In this weeks edition of Fiction Friday, from Write Anything, we were given the prompt “A boy and his father awaken early to watch the sunrise from their mountain campsite, but they begin to panic when the sky remains dark long into the afternoon”.
At first I was eager to get started, because of all the possibilities, but before long I was seized with an intense case of Analysis Paralysis. There were so many options for the story that I became hung up on where to take it. I put off writing until Thursday (I normally write these on Tuesday or Wednesday when I have more free time) and opted to discovery write the entire story. Walking away from plans made the story come much easier but I hit a wall at the end of the piece.
I’m not happy with the ending and feel as though there is no resolution. I like the story up until it closes out. At that point it feels like it just falls flat on its face. I suppose it is another situation where I could end it, and be happy, but it would require much more story.
Fiction Friday #156 – Failed Sunrise
“A boy and his father awaken early to watch the sunrise from their mountain campsite,
but they begin to panic when the sky remains dark long into the afternoon.”
Harsh white light filled the tent before the earth trembled to the thunderous roar of the sky.

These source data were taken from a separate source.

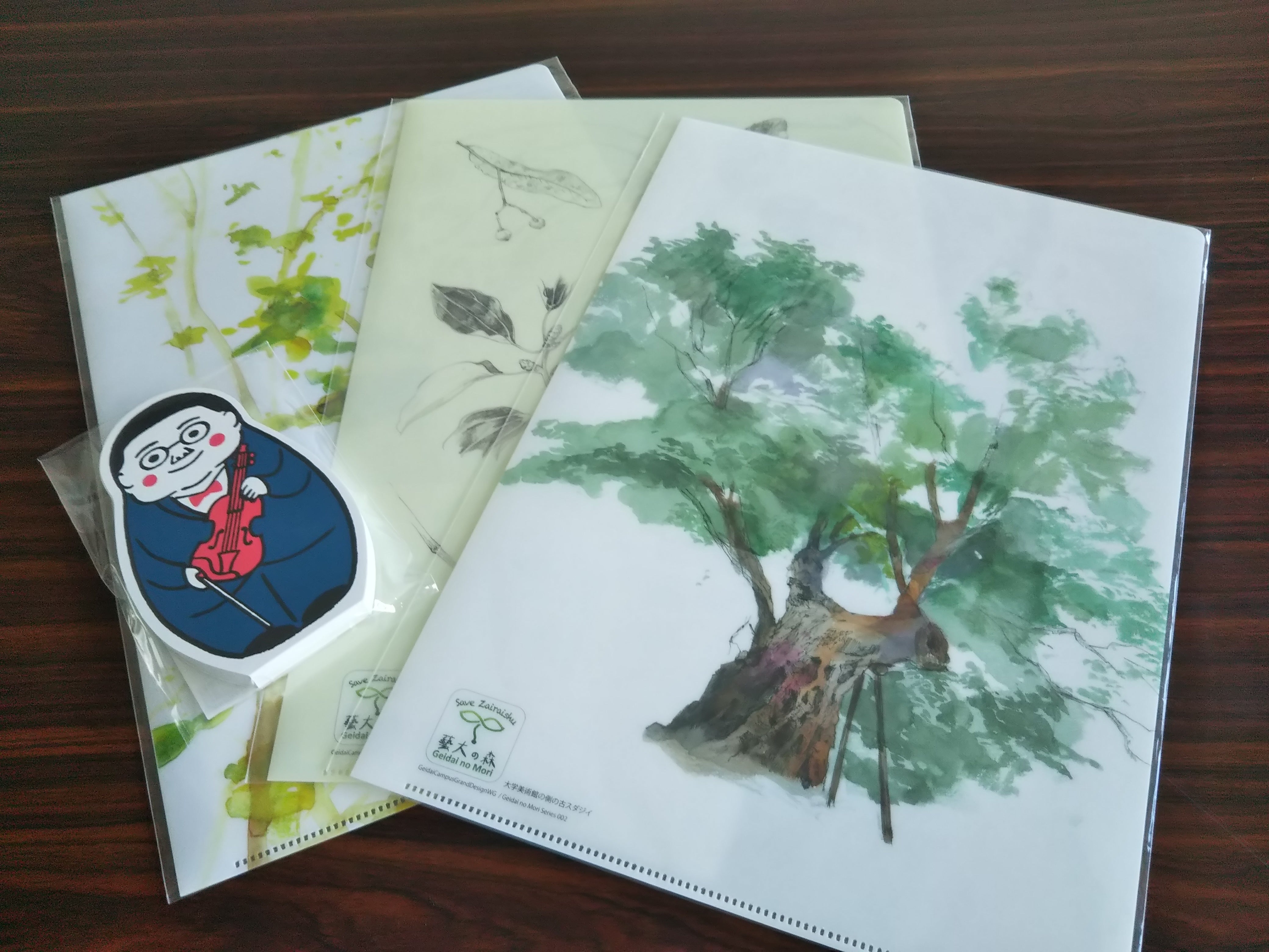 キャンパスに残る貴重な武蔵野の植生を守り育みながら良好なキャンパス環境を実現する取り組み「藝大の森」を応援するクリアファイル。絵はこの取組に参加する学生が描いたものです。
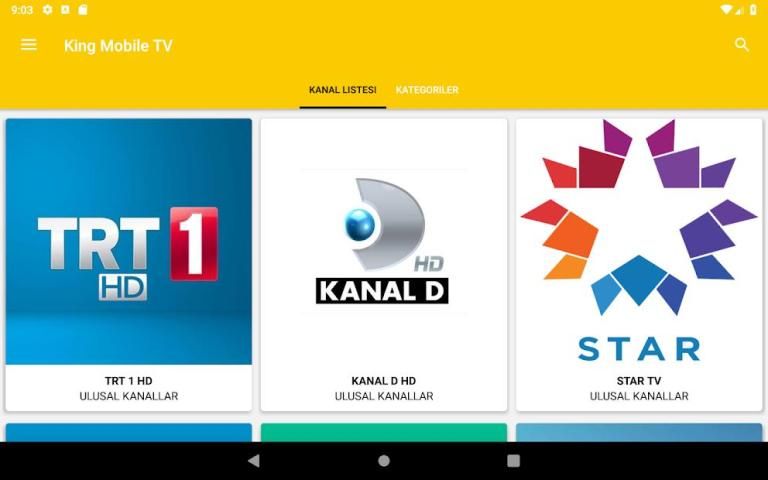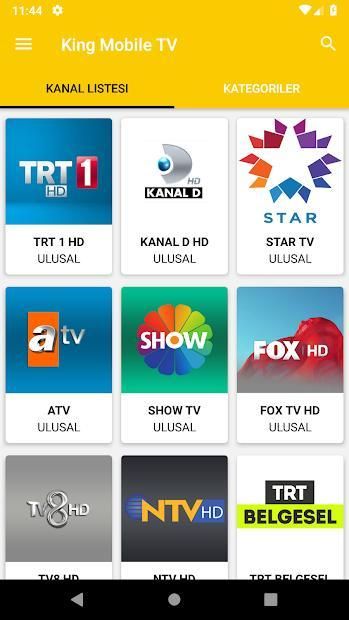 King Mobile TV; Kullanıcılarına hd canlı tv izleme imkanı sunmaktadır, 100'den fazla yerli, yabancı, çocuk, sinema, spor ve dini televiz yon kanalını mobil cihazlarınızda izleyebilmeniz için imkan sağlamaktadır.
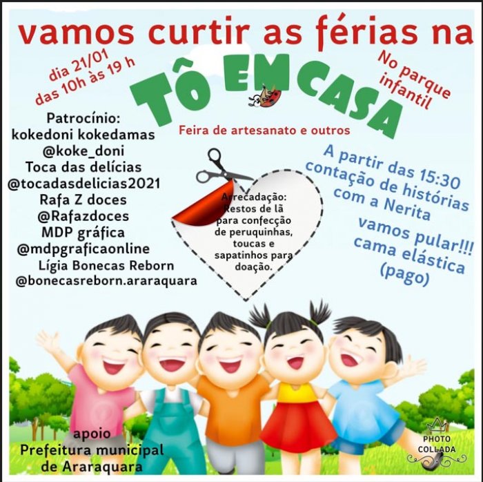 Neste sábado, 21 de janeiro, a Feira Tô em Casa reúne um time de artesãos para agitar o Parque Infantil, no Centro de Araraquara. Das 10h às 19 horas o público poderá apreciar os trabalhos de empreendedores e artesãos da cidade e região, com uma diversidade de produtos que apresenta: decoração, culinária, moda, beleza, brinquedos – entre outros.
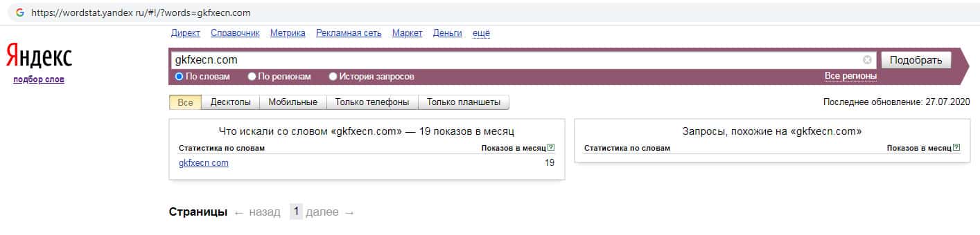 Количество запросов по бренду названия домена без точки "gkfxecn com" на wordstat yandex ru составило также 19 запросов за месяц.
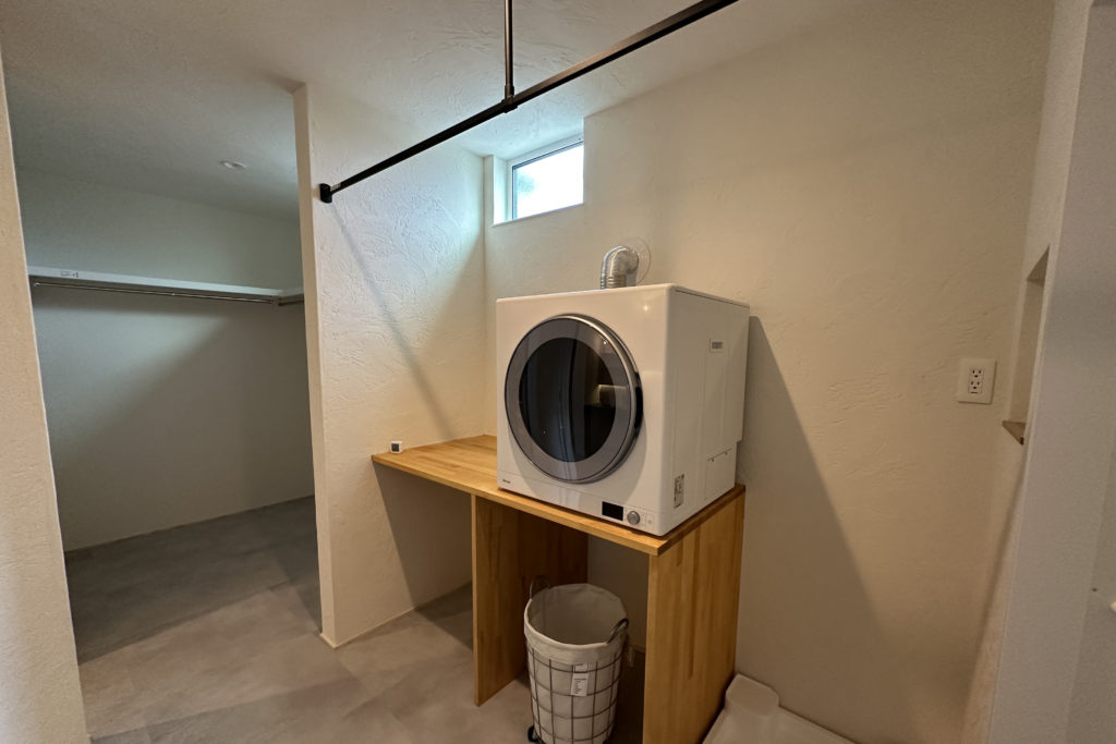 脱衣所にたまった洗濯物を洗濯、乾燥機、室内干しをして、ファミクロに収納。
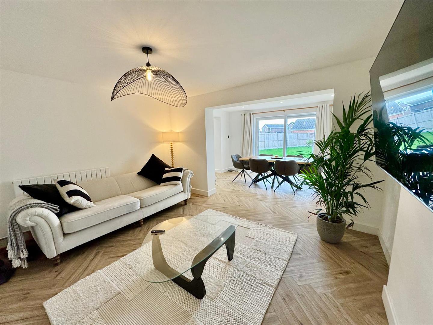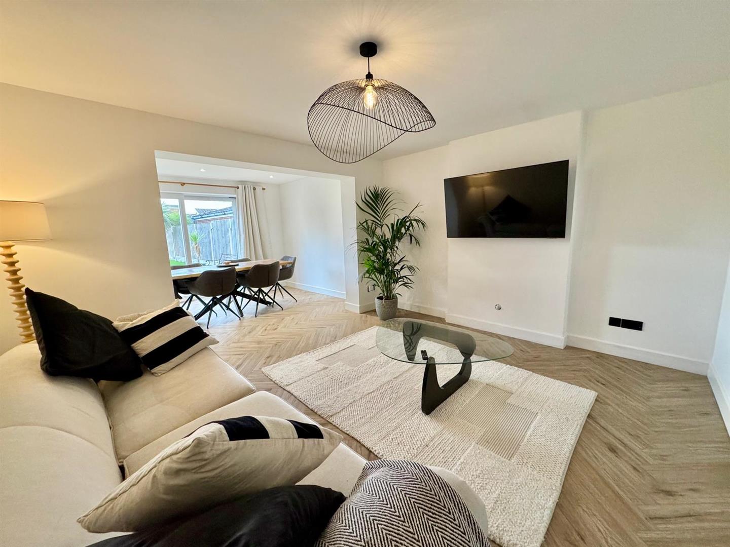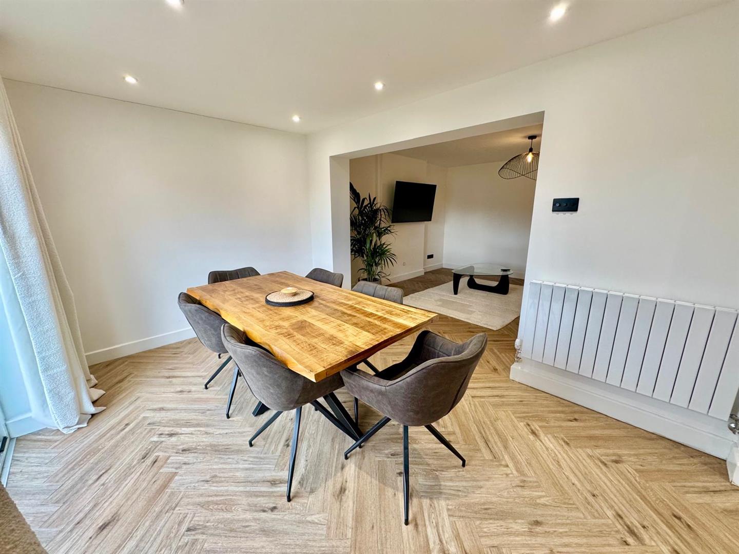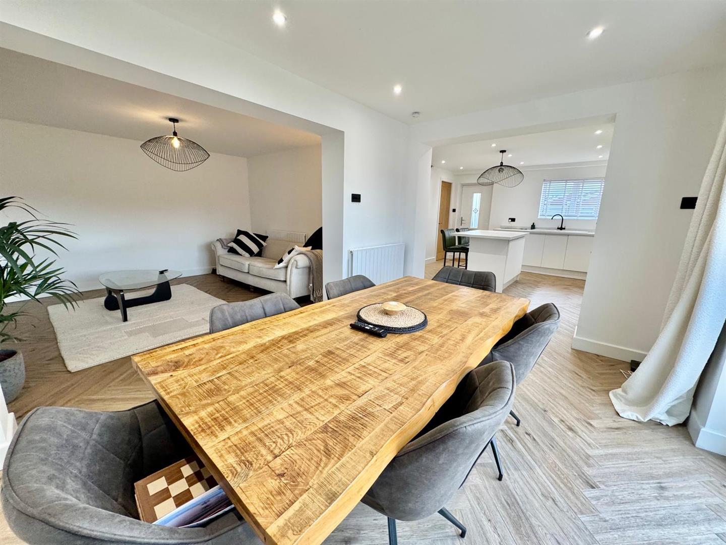 To the rear, a spacious dining room provides an excellent setting for entertaining, with sliding patio doors opening directly onto the side garden. From here, a squared archway leads through to a well-proportioned lounge.
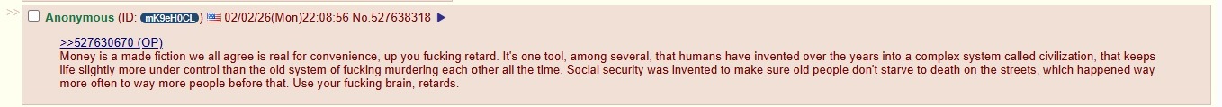 >>528610420>Probably related to the cost to build such a structure these days. There’s nothing stopping you from having a two to 3 family home built and going in on the mortgage with the other parties involved in the project. It’s not at all that uncommon that families convert useable space over to studio apartments for other family members. There are plenty of multi- generational properties out there, you just have to be willing to put your name on a mortgage with other family members. That or have parents willing to accept the additional costs of buying more of a home than they already need.That actually goes back to a post I made earlier in the thread. See picrel attached which basically states:>money is basically a made up fiction that we all agree to for convenience. It's basically one of several tools that humans have invented over the years into a complex system called civilization. This kept things more under control than the old system of fighting and killing each other all the timeThat fiction is no longer serving it's function? A Smith & Wesson beats four aces. Eventually, people will just start taking shit. Do I go through all that shit with the bank or do we go Tren de Aragua and just take it?
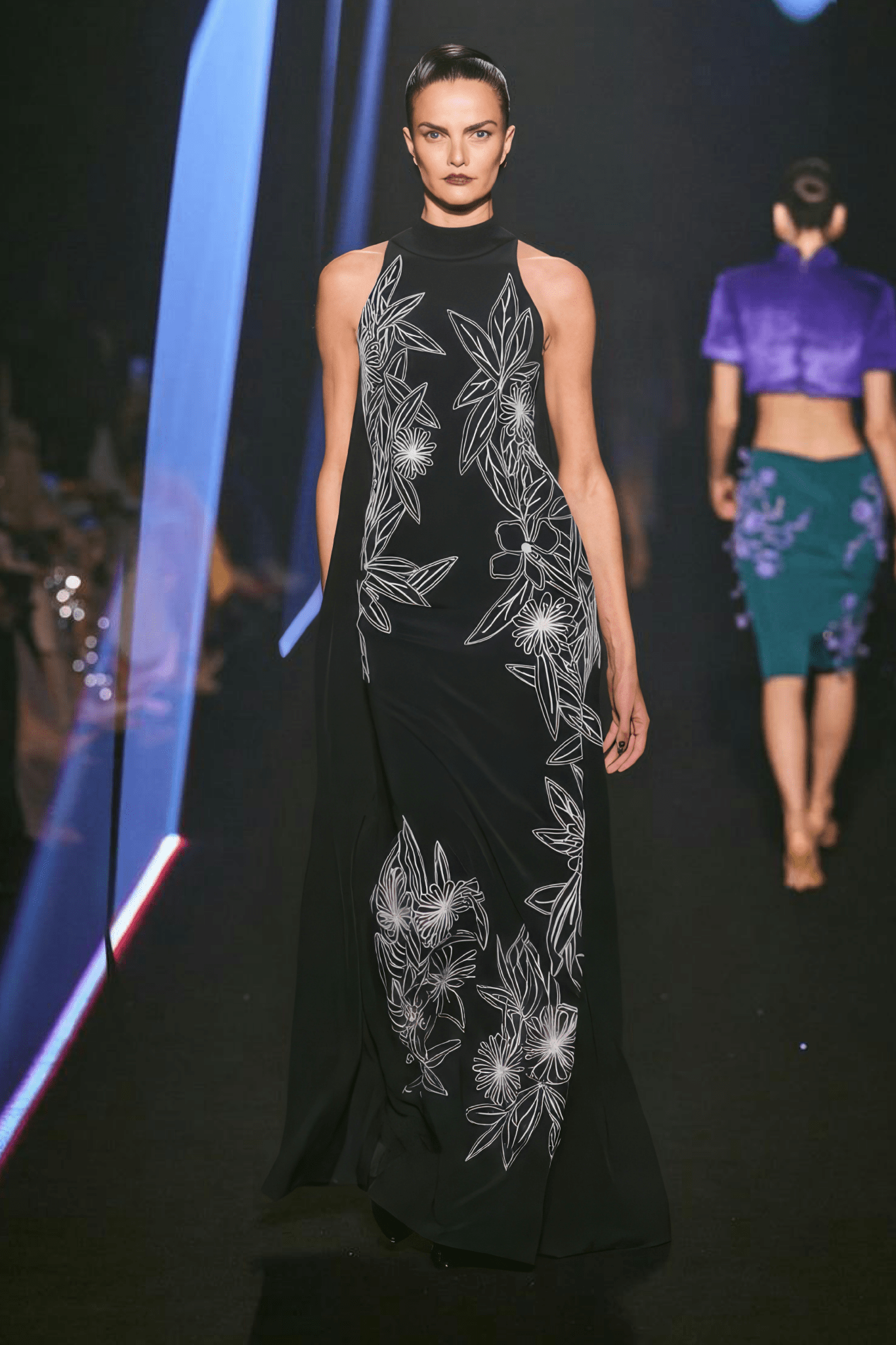 An exercise in refined modern glamour, this Georges Hobeika evening gown is crafted in classic black with intricate white botanical embroidery that traces the body in an elegant, elongating composition.
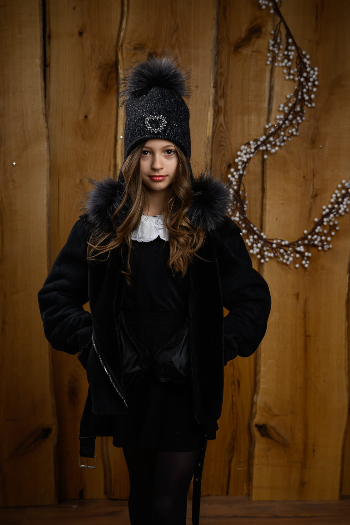 Czapka SINIKA to elegancka i urokliwa propozycja dla dziewczynki. Jej wierzch został stworzony z wysokiej jakości mieszanki materiałów, w tym 68% wełny merinos, 18% poliamidu, 12% wiskozy oraz 2% nić metalizowana, co gwarantuje ciepło, wygodę i subtelny blask. Dodatkowo, podszewka wykonana jest w całości z bawełny, co zapewnia miękkość i komfort w noszeniu. Ozdobne pompony wykonane z przędzy dodają czapce wyjątkowego uroku i stylu.
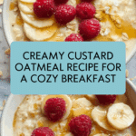 Custard oatmeal is a creamy, comforting breakfast that combines the heartiness of oats with the richness of a smooth custard. It’s easy to prepare and can be customized with your favorite toppings for a nourishing start to your day.
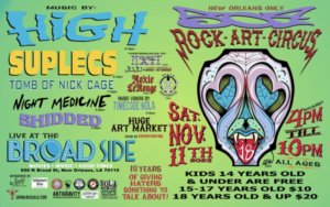 If music, art, sideshow, burlesque and bbq are your thing, you may want to check out the 504 Rock Art Circus at The Broadside from 4 p.m. until 10 p.m.. This all ages event will have live music from heavy-hitting local bands; HiGH, Suplecs, Tomb of Nick Cage, Night Medicine and Shidded; a 30 minute screening of local music videos; Burlesque with Roxie LaRouge; Side Show with Side Show Matt, Cassidy Coperhead and JuJu; and a presentation by NOLA Suspension. If that wasn’t enough, they will also have an art market and local vendors as well as delicious bbq provided by Cochon King BBQ. This is the 18th year of this underground arts and music event. Admission is free for those 14 and under, and $10 to $20 for all others. Learn more or purchase tickets here. Weekly Picks
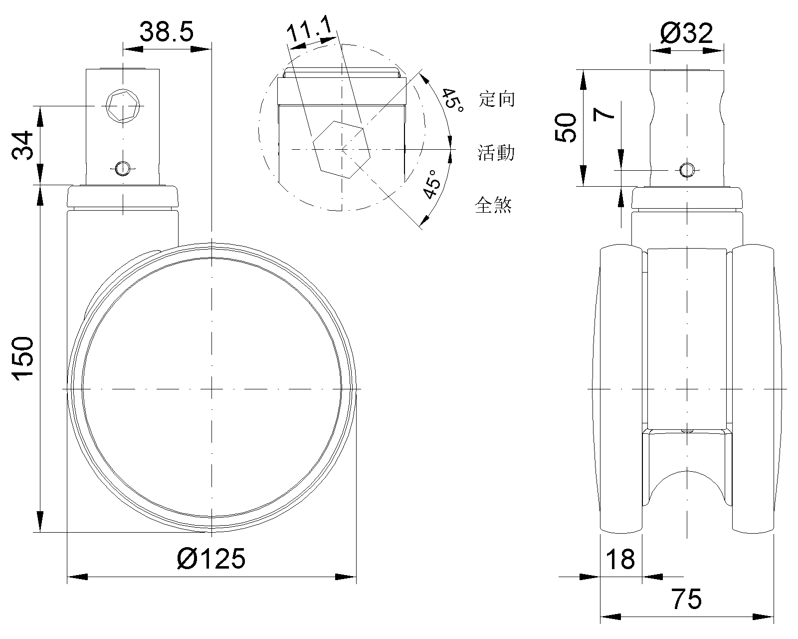 Short lever, Hexagonal hole cam control, center-locked full or directional brake. Casings White Casters, simple and Attractive appearance, Smooth rotation. High-Quality Impact-Resistant Polypropylene Wheel Center, High-Quality Reinforced Polypropylene Rubber (TPR) Wheel Tread. Dark gray, Bearing—Ball Bearings. |
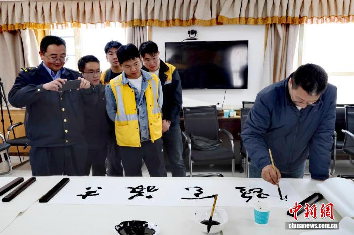 創(chuàng)作過程中,書法家們與現(xiàn)場干部職工親切交流,細致聆聽大家扎根高原、堅守一線的奮斗故事,深入了解站區(qū)工作日常與精神文化需求,針對性地創(chuàng)作專屬書法作品。干部職工們圍在一旁,認真欣賞書法創(chuàng)作過程,細細品味筆墨之間的文化底蘊,紛紛拿出手機記錄精彩瞬間,現(xiàn)場氛圍熱烈而溫馨。一幅幅書法作品,致敬了一線職工堅守高原、保障安全,是對青藏鐵路發(fā)展成就的贊揚,讓干部職工在翰墨香氣中感受組織關(guān)懷,汲取精神力量。

Despite its ferocity, the storm was letting up. Rain patted against the nylon and eventually made its way inside the cheap tent.
“Told ya the storm would let up. News said it would be hard and fast but would lead to a weeks worth of clear skies.” Tom’s voice brimmed with pride as he spoke to his young son. This would be their last trip together as man and boy.
“I didn’t know that becoming a man would mean I would almost die as a child”. Chris knew he was overreacting but it nettled his father. With a cocky smile hidden by the darkness, he shifted in his sleeping bag and tried to get some sleep.
“You’ll see, it will be well worth the trouble. The sunrise is magnificent up here on the mountain. My father brought me here on my sixteenth birthday. My grandfather brought my father here, just as the family men have been doing for generations. You just wait and see, you’ll be doing it for your son one day too.” He was becoming annoyed with the boys constant cocky tone but it would soon be over. Just like when he was a boy, spending a night on the mountain to see the sun rise in the distance would make man out of him.
“If this is a family tradition that I have to uphold then I hope I have a bunch of daughters.” He cinched his eyes shut thinking that he may have just crossed the line. His father was a patient and kind man but he had his breaking point. When Chris heard his father sigh in annoyance and roll over in his sleeping bag, he relaxed and eased into sleep.
Chris woke to a pop and footsteps outside the tent. The flickering glow at the far nylon wall told him his father had somehow managed to start a fire. He decided to join him outside. Perhaps the fire would help ward off the chill in his bones from the long night in a damp sleeping bag. His muscled ached and his body protested as he rose and made his way out of the tent.
“Glad you got up on your own, I didn’t want to have to wake you.” Tom was giddy and it was visible from his tone of voice all the way to the way he moved about the campsite. Sixteen years he waited for this moment and it was finally upon them. They would sit and watch the sunrise together and his son would begin manhood in the Thatcher Family manner.
“How long till the sun comes up and we can get out of here. I’m cold, wet, and my entire body hurts.” Chris almost felt bad raining on his fathers parade but it was the mans own fault. He told him over and over again, he was not interested in this family tradition and wanted to skip it.
“Sun comes up in about a half-hour, according to channel six news.” Every facet of the trip was planned out. Tom spent time checking and rechecking the weather, noted sunrise and sunset times, he even brought along the camcorder so that he could share the moment with Clara and the girls.
After a hearty breakfast of crunchy granola bars and lukewarm bottled water was consumed, the pair began their short trek to watch the sunrise. They settled in on a rocky overlook and waited. The sky was clear and the air chilled. Father and son waited eagerly for the sunrise, both for very different reasons. Tom wanted to see his boy begin his life as a man. Chris wanted to get home and tear into the birthday presents that were undoubtedly waiting for him.
The official sunrise time of 5:37am came and went but the sky remained dark. Far in the distance there was a faint red glow, as if the sun attempted to rise but was forcefully held beneath the horizon. Minutes passed, then hours. The pair sat in intense silence as their minds screamed for a logical answer as to why the sun didn’t rise.
“Dad, I can’t do this any more. I’m freaking out, the sun should have came up long ago right?”
“Son, I don’t what what is going on. We’ve sat here long enough, lets get back home to your mother and sisters.”
Father and son made their way back to camp in panic induced haste. There was no logical explanation for what was going on but neither one of them wanted to be up on a mountain looking out at the failed sunrise. If something was wrong, they wanted to be with their family.
Without even realizing it, Chris learned his first lesson of manhood that day. It wasn’t always about him, sometimes it was better to endure a little discomfort to make those around you happy.